Such a bijection is constructed by Panyushev in Theorem 4.2 of https://arxiv.org/abs/math/0303107. It is the Type A version of a more general conjectured duality for "ad-nilpotent ideals of Borel subalgebras of simple Lie algebras" he proposes in that paper.

• Oh hi Sam! Thanks for the answer; that is quite a simple, beautiful mapping. Aug 20, 2019 at 2:37
• Excellent ref : it is indeed simpler to think in term of Ferrers diagrams as far as the symmetry is concerned indeed ! Aug 20, 2019 at 10:20

There is a nice bijection between Dyck paths of order $$n$$ and planar binary trees. The bijection $$\phi$$ can be described recursively. Every Dyck path $$D$$ of order $$n$$ can be uniquely decomposed as $$(0,D',1,D'')$$, where $$D'$$ and $$D''$$ are smaller (possible empty) Dyck paths. Explicitly, the "$$1$$" in that formula is the end of the shortest, nonempty prefix with an equal number of $$0$$'s and $$1$$'s. Then $$\phi(D)$$ is defined to be the planar binary tree whose left subtree of the root is $$\phi(D')$$ and whose right subtree is $$\phi(D'')$$.

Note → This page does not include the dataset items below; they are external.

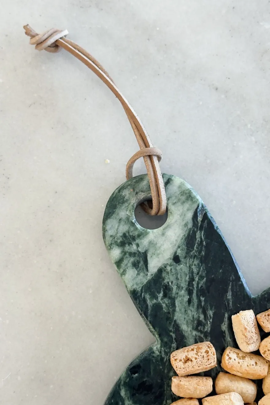 Tabla de servir que combina la elegancia del mármol verde con la calidez de la madera natural, creando una pieza única y sofisticada. Su diseño incluye un práctico mango que facilita su manejo.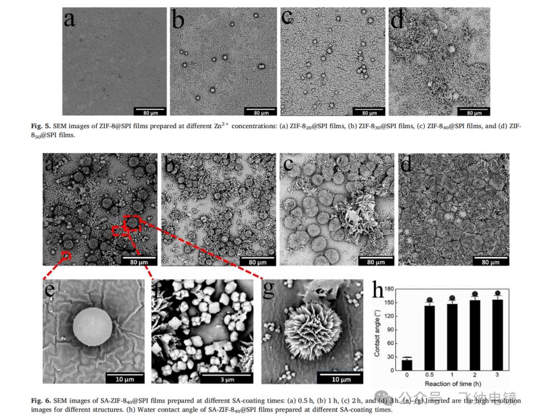 文章受到纳米比亚沙漠中的 Stenocara 甲虫的启发,这种甲虫能够从湿润的空气中收集水分以维持生命。甲虫背部的结构由亲水性突起分布在超疏水背景上,这种结构使得水分子能够在亲水区域凝聚成滴,并在重力作用下滚落。基于这一自然现象,研究人员设计了一种类似的亲水/超疏水图案化表面,用于从雾气中收集水分。研究人员使用了飞纳扫描电子显微镜(Phenom ProX)来观察 ZIF-8 晶体在大豆蛋白(SPI)薄膜表面的生长过程和形貌变化。在低倍率下可以观察到较大的微米级晶体,这些晶体在薄膜表面均匀分布。在高倍率下可以观察到较小的纳米级晶体,这些晶体分布在微米级晶体表面和薄膜表面,形成了层次化的结构。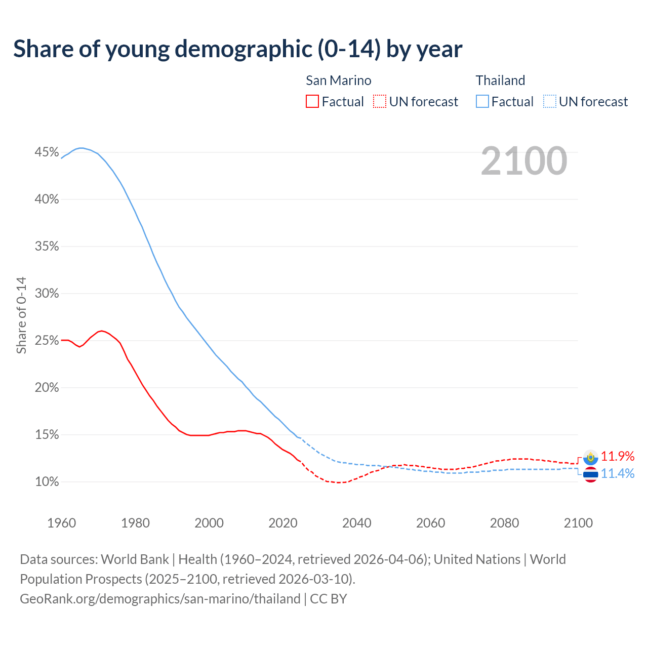- The share of young demographic (0-15 years old) in San Marino is 12.3% vs 14.7% in Thailand.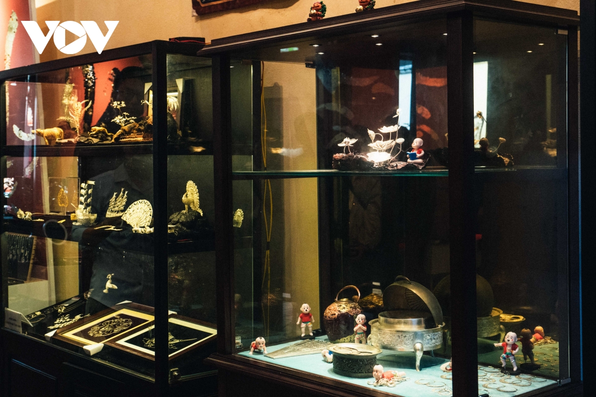 Tác phẩm trưng bày tại không gian “Nghệ” của đình Kim Ngân, kết hợp kỹ thuật cổ truyền và dấu ấn cá nhân của nghệ nhân. Mỗi chi tiết được hoàn thiện thủ công, tái hiện vẻ đẹp thẩm mỹ và giá trị tinh thần của nghề kim hoàn xưa.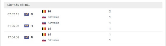 Lịch sử đối đầu của Bỉ vs Slovakia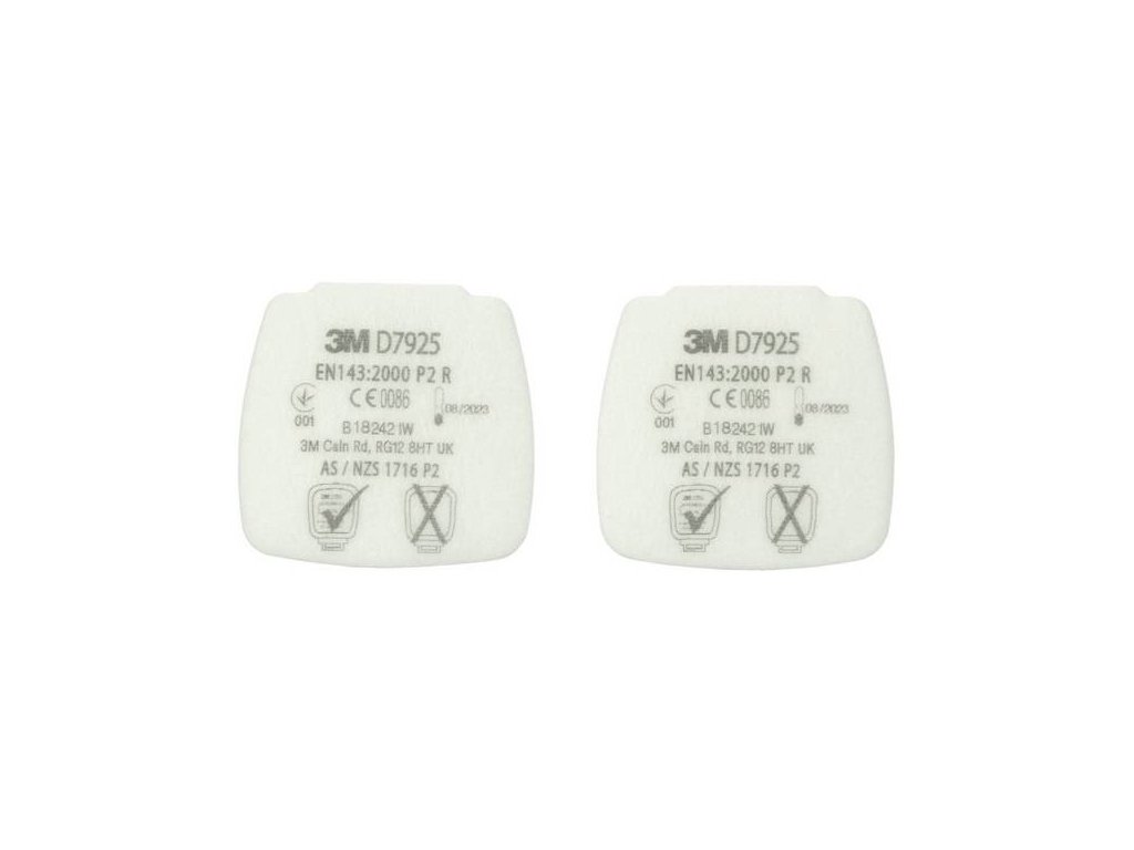 - 3M™ Secure Click™ - částicový filtr P2 R D7925 má CE schválení pro prostředí obsahující pevné a kapalné částice. Používejte s maskami 3M™ Secure Click™ série 800 a 3M™ Secure Click™ filtry série D8000 Series a držákem filtrů 3M™ D701.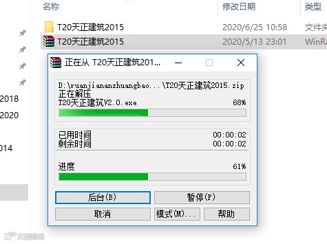 2.软件压缩包【T20天正建筑 2015】解压中。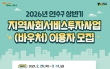 정치 최준규 기자2026. 02.25[시사토픽뉴스] 연수구는 오는 26일부터 다음 달 13일까지 ‘2026년 지역사회서비스투자사업’의 이용자 1천 명을 모집한다. ‘지역사회서비스투자사업’은 지역의 특성과 주민의 수요에 맞춘 맞춤형 사회서비스 이용권(전자바우처)을 지원하는 사업으로, 이용자는 원하는 서비스와 제공기관을 선택해 이용할 수 있다. 연수구는 ▲아동 정서발달서비스, ▲아동청소년 심리지원서비스, ▲오감쑥쑥서비스, ▲장애인보조기기 렌탈서비스, ▲장애인 재활승마서비스, ▲장애아동 학습지원서비스, ▲정신건강 토탈케어서비스, ▲시각장애인 안마서비스, ▲성인 심...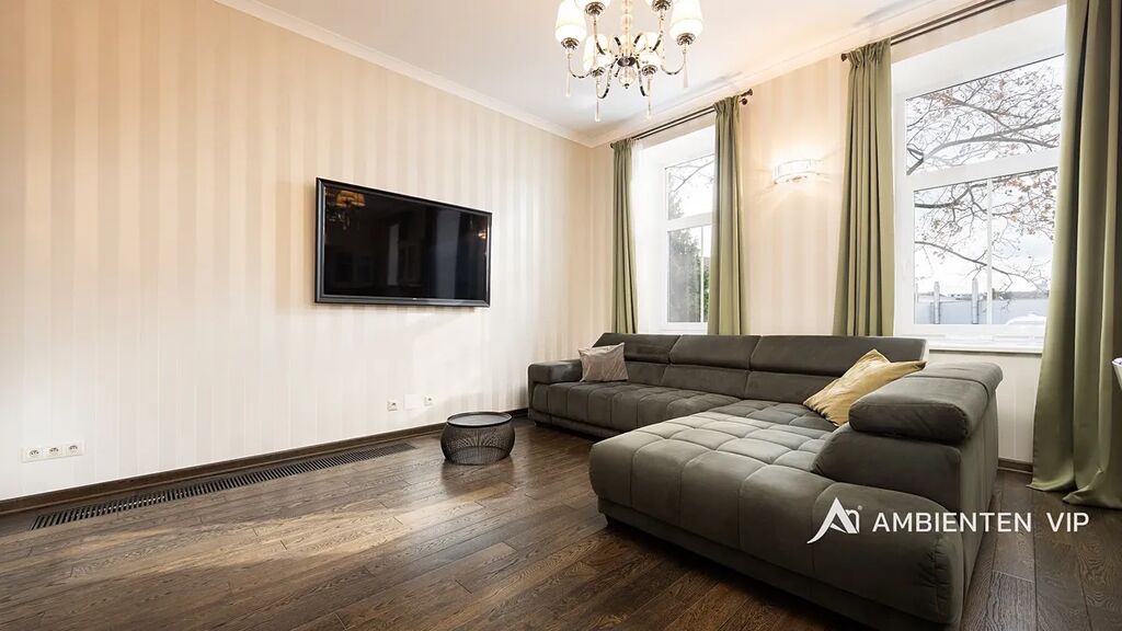AMBIENTEN VIP si vám dovoluje nabídnout k prodeji luxusní bytovou jednotku po kompletní a nákladné rekonstrukci. Nachází se v lukrativní městské části Brno – střed, v blízkosti brněnského výstaviště a Mendlova náměstí v dosahu veškeré dopravní infrastruktury, obchodů a restaurací. Jen pár kroků vás dovede k řece Svratce, kde je nově zbudované nábřeží s možností úžasných procházek a na dosah máte také cyklostezku a školy pro děti. Nemovitost majitelé velice citlivě opravili a svým vkusným provedením nadchne i náročné klienty. Vytápění bytu a ohřev vody je přes vlastní plynový kotel. Jelikož jsou v bytě vyšší stropy, tak působí velice prostorně a vzdušně. Nabízí se zde možnost snadného přebudování na 4+kk v případě potřeby. Kuchyně je od firmy Schmidt kuchyně na míru s vestavnými spotřebiči Miele (lednice, mrazák, varná deska, digestoř). Dominantou celé kuchyně je na míru provedená žulová deska v kuchyni a dále stejná žula se nachází i na podlaze vstupní chodby, která dává bytu osobitý charakter a díky tomu dává bytu punc luxusu. Bytová jednotka disponuje dvěma prostornými pokoji o výměrách 21,27 m² a 26,9 m² a otevřenou dispozicí obývacího pokoje s jídelnou a kuchyní o výměre 41,97 m². Samostatná toaleta má výměru 1,12 m², technická místnost s pračkou a sušičkou má výměru 4,34 m², koupelna s vanou, sprchou, umyvadlem a toaletou má výměru 12,3 m² a disponuje vlastním balkonem. Podlahy v bytě jsou dřevěné masivní, které byly realizovány stejně jako celý byt v nadstandardu dle přání majitelů. Ona jsou plastová dvojskla, plynový kotel je do firmy BRÖTJE. Zdivo budovy je cihla s tloušťkou venkovních stěn 65 cm. Měsíční náklady činí za elektřinu 1300,-- Kč, za plyn 3200,-- Kč a platby do SVJ 2.815,-- Kč. Pokud hledáte bytovou jednotku vhodnou ihned k nastěhování v blízkosti centra a po kompletní nákladné rekonstrukci vč. nových rozvodů elektřiny, topení, vody a celých interiéru bez nutnosti jakékoliv další investice, tak tento byt je určený právě vám. K bytu náleží sklepní kóje. Neváhejte si sjednat jeho prohlídku.

Under this bijection, peaks in the original path correspond to left children in the resulting tree. There is an obvious involution on planar binary trees with reverses left and right children; just reflect the tree vertically! Composing this with the bijection in the last paragraph, you get an involution on Dyck paths which takes a path with $$k$$ peaks to one with $$n+1-k$$ peaks.